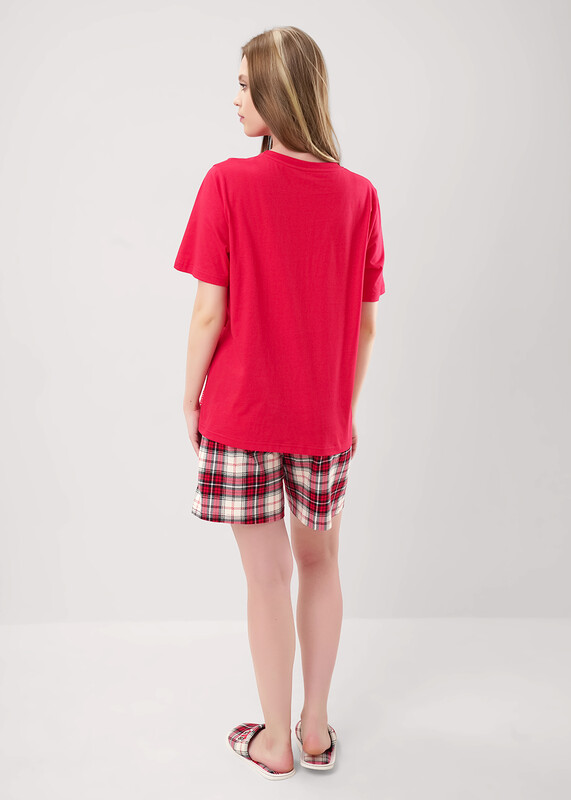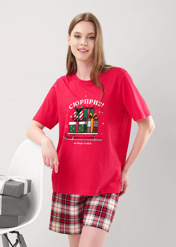 Пижама из хлопкового трикотажного полотна. Футболка прямого кроя. Короткий втачной рукав. Округлая горловина с обтачкой. Спереди принт. В боковом шве вшивка. Шорты из трикотажного полотна с карбоном прямые, пояс на внутренней резинке с киперной лентой.
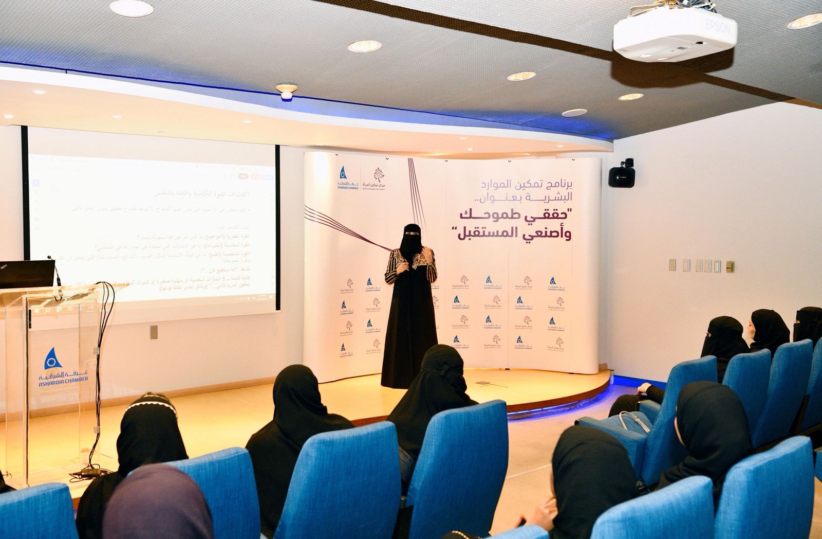 ضمن برنامج تمكين الموارد والكفاءات البشرية نظمت غرفة الشرقية مُمثلة بمركز تمكين المرأة يومي الأحد والإثنين 19-20 أكتوبر 2025م تحت عنوان "حققي طموحك واصنعي المستقبل" وقدمت البرنامج سهير بنت أحمد اللافي، مدربة الإدارة وتطوير الذات والمستشارة الإدارية، والمدربة في مجال الوعي الذاتي ومهارات القيادة والمدربة الشخصية في إدارة المشاعر خلود بنت محمد الحصيني، إضافة إلى الجلسات الاستشارية الفردية المقدمة من المُختصين بمركز سواعد"هدف" للمُشاركين في البرنامج.
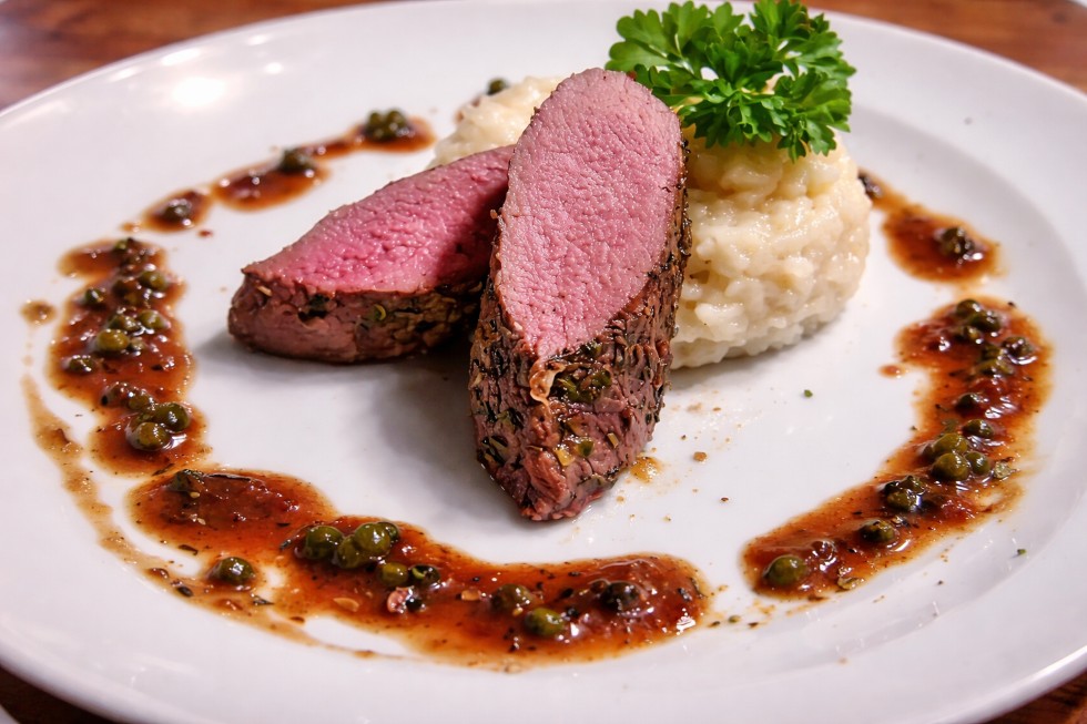 Das Rehrückenfilet schräg in Scheiben aufschneiden und mit dem Champagner-Risotto und der Pfeffersauce auf vorgewärmten Tellern anrichten und servieren.
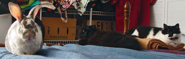 Unfortunately, Bibi was soon departed. Her malady was gut stasis, a common ailment of rabbits, but I still wonder if it wasn’t brought on by the stress of dealing with two new, semi-hostile cats. She came from a multi-species household when I adopted her, so I’m probably making that up, and yet the timing was so coincidental. Robbin reverted to being an only rabbit.
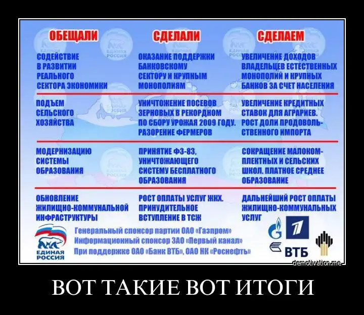 как время к выборам так они начинают решать насущные проблемы - ПИАР. Только слепой не может видеть того что в стране творится, если даже жети которые тут отписывают это понимают то что говорить о взрослом поколении. Кому как не медведям и питиным знать как нужно действовать в стране особенно путину - военному челу. Со своей лояльностью - угрохали страну. что изменилось с 2000 года когда путин стал таки презиком!? Что изменилось за последние 3 года Медведковского правлеия. Пора уже бы проснуться от обещаний. Как в Томске было на мусорках написано "Для предвыборных обещаний". Другое дело нет выраженного, явного лидера, который бы смог за собой повести народ российский.
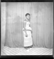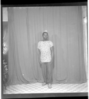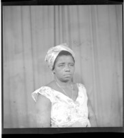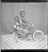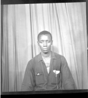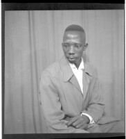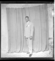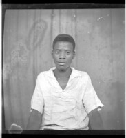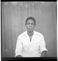 Full portrait of three men standing, to the left a man wears a white boubou and a black and white bonnet, in the middle a man wears a black boubou, a watch, and a bonnet, to the right a young man wears a grey shirt, black pants and a hat, facing forward
■ ■ ■ ■ ■
» ACTIVITY
Repeat exactly the lines from the start of the entries down to the line with "ضمن برنامج تمكين", keeping both ends but none of the pictures.

» RESULT OF THIS TASK
 Пижама из хлопкового трикотажного полотна. Футболка прямого кроя. Короткий втачной рукав. Округлая горловина с обтачкой. Спереди принт. В боковом шве вшивка. Шорты из трикотажного полотна с карбоном прямые, пояс на внутренней резинке с киперной лентой.
 ضمن برنامج تمكين الموارد والكفاءات البشرية نظمت غرفة الشرقية مُمثلة بمركز تمكين المرأة يومي الأحد والإثنين 19-20 أكتوبر 2025م تحت عنوان "حققي طموحك واصنعي المستقبل" وقدمت البرنامج سهير بنت أحمد اللافي، مدربة الإدارة وتطوير الذات والمستشارة الإدارية، والمدربة في مجال الوعي الذاتي ومهارات القيادة والمدربة الشخصية في إدارة المشاعر خلود بنت محمد الحصيني، إضافة إلى الجلسات الاستشارية الفردية المقدمة من المُختصين بمركز سواعد"هدف" للمُشاركين في البرنامج.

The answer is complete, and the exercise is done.